We also use the the same configuration of the new data model to ensure the same data pre-processing and the same overall setup.

In [36]:
data_model_sim.test_ratio = data_model.test_ratio
data_model_sim.prepare()
Preparing data...
1 unique users entities within 2 holdout interactions were filtered. Reason: not in the training data.
Done.
There are 54975 events in the training and 2853 events in the holdout.

The model

In order to generate the latent representation of a cold item the model uses the same linear system as in the standard PureSVD case. The main difference is how the linear transformatin matrix $W$ is computed: $$ W=V^\top SF. $$ $S$ is an item similarity matrix and $V$ is now $S$-orthogonal, e.g., $V^\top S V = I$. The model also introduces an additional weighting hyper-parameter $\alpha \in [0, 1]$: $$ S=(1-\alpha)I + \alpha Z, $$ where $Z$ is the actual similarity matrix computed above (see similarities variable). Higher values of $\alpha$ will make the model more sensitive to side information, while setting $\alpha=0$ will turn the model back into PureSVD. To simplify the process, we will not tune its value. We will just make it relatively high to emphasize the importance of tag information for the model. This is going to help us verify an assumption that tag information is critical for building an adequate latent representation with SVD.

In [37]:
from polara.recommender.coldstart.models import ScaledHybridSVDItemColdStart
In [38]:
hsvd = ScaledHybridSVDItemColdStart(data_model_sim)
hsvd.features_weight = 0.9 # the value of alpha

On the technical side, the model takes as an input the product of several sparse matrices, which forms an auxiliary matrix. As these computations are based on matrix-vector products (due to the Lanczos procedure used in the truncated SVD), we are presented with the choice:

  • we can either avoid explicitly forming the auxiliary matrix and just consequently compute matrix-vector products with all involved components, or
  • we can precompute and store the auxiliary matrix first and then perform a single matrix-vector multiplication.

Computational efficiency of the aforementioned approaches strongly depends on the sparsity structure of the input matrices. Therefore, the optimal choice should be decided case by case. There is a special attribute to control this behavior in the HybridSVD model:

In [39]:
hsvd.precompute_auxiliary_matrix = True # faster in this case

Tuning

We have already spent some time tuning PureSVD. Assuming that the main contribution of HybridSVD is related to tag handling, we can simply reuse the the scaling values obtained earlier. The only parameter left for tuning is the rank of decomposition. Conveniently, it requires computing the model only once!
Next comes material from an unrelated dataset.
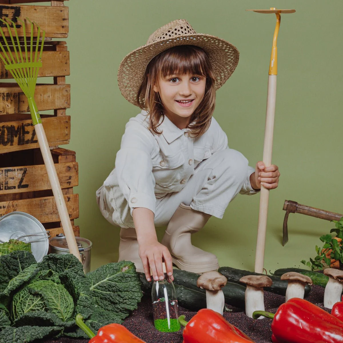Chaque fois que la bouteille est secouée, c’est comme si la récolte commençait ! Salade, chou-fleur, carotte, poivron,… une véritable farandole de légumes apparaît. Encouragez votre enfant à observer, deviner et identifier ses légumes préférés tout en s’amusant !

We can use the Polara's built-in find_optimal_svd_rank routine for that.

Note that some calculations with the tag similarity matrix may eat up to 10Gb of RAM due to its relatively high density.
In [40]:
from polara.evaluation.pipelines import find_optimal_svd_rank
In [41]:
hsvd.col_scaling = svd_best_config['col_scaling'] # reuse PureSVD config
# perform rank tuning (will compute the model only once for the max_rank value)
hsvd_best_rank, hsvd_rank_scores = find_optimal_svd_rank(
    hsvd, rank_grid, target_metric, return_scores=True, iterator=track
)
# restore item features embeddings with the maximal rank value
hsvd.update_item_features_transform()
Updating items relations matrix
100% 41/41 [00:08<00:00, 0.20s/it]
In [42]:
print(f'The best {target_metric}={hsvd_rank_scores.loc[hsvd_best_rank]:.4f} '
      f'is achieved at rank={hsvd_best_rank}')
The best precision=0.0458 is achieved at rank=135

The result is much better than for PureSVD! Let us compare all three models together.

Comparing tuning results for all models

Note that this is still a preliminary result, awaiting for the confirmation on the test data, provided later in this tutorial.

In [43]:
ax = hsvd_rank_scores.sort_index().plot(label='HybridSVD', marker='.')
svd_scores.groupby('rank').max().plot(ax=ax , label='SVD', ls=':')
ax.axhline(study.best_value, label='LightFM (best)', ls='--')
ax.legend()
ax.set_ylabel('precision')
ax.set_title('Item Cold Start');

We see that HybridSVD has a very good capacity comparing to other models in terms of the prediction quality. It seems that HybridSVD can be further improved with higher rank values. There is also some room for improvement in a more careful tuning of the scaling parameter and the weighting coefficient $\alpha$.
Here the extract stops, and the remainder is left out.